Шолоховское повествование вообще содержит в себе некое радикальное противоядие любым стремлениям как-то "упростить формулу", спрямить путь героя, разложить жизнь по "чертам", по полочкам.
Однажды критик А. Макаров, сравнивая два шолоховских романа, так объяснял героев "Тихого Дона" и "Поднятой целины": "То были люди одной поры, эти другой. Те делали одно историческое дело, эти вершили другое"1.
1 (А. Макаров. Мир Шолохова. - В кн.; "Человеку о чело веке. Избр. статьи". М., 1971, с. 31)

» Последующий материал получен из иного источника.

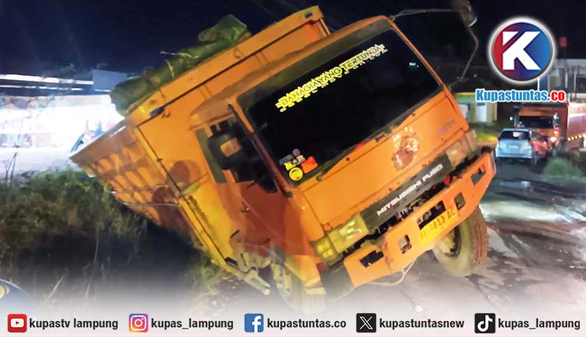 Tampak truk Fuso yang terdampar di parit usai gagal menanjak di Jalan Raya Podosari, Kecamatan Pringsewu, Kabupaten Pringsewu, pada Minggu (21/9). Foto: Ist

Мне же представляется, что Шолохову в этом случае очень важно было сказать, что коллективизацию проводили те же бойцы, что дрались за революцию - всего лишь какие-то считанные годы прошли, земля едва остыла от сражений, и на ней, гудящей, вздыбленной, ставилась новая жизнь - социалистическая, колхозная... Коллективизацию на селе называют революцией, и это естественно уже потому, что она вершилась руками вчерашних подтелковцев и буденновцев, была для них прямым развитием идей Октября, ленинской мысли о земле и судьбе крестьянства.
"Чего ты, чудак, нас за Советскую власть агитируешь? - говорят Давыдову при первой встрече, на собрании гремяченских бедняков. - Мы ее в войну сами на ноги ставили..."
Иной разворот, иной противник, но в сражении за колхозы так отчетливо звучит октябрьское: классовая борьба бескомпромиссна, "начертился - и иди!" - как сказал когда-то Мишка Кошевой.
Половцев - враг, который тоже идет до конца, без оглядки и каких-либо уступок обстоятельствам. Враг заклятый: он был среди вешателей Подтелкова, бежал до самого Черного моря, долго скрывался под чужим именем, и вот теперь, в горенке Островнова, наглухо завешанной валяными полстями, выжидает часа, когда можно будет запалить мятеж: "Милицию и коммунистов по одному переберем на квартирах, а дальше пойдет полыхать и без ветра..."
Других вариантов в этом мире для казачьего есаула не существует.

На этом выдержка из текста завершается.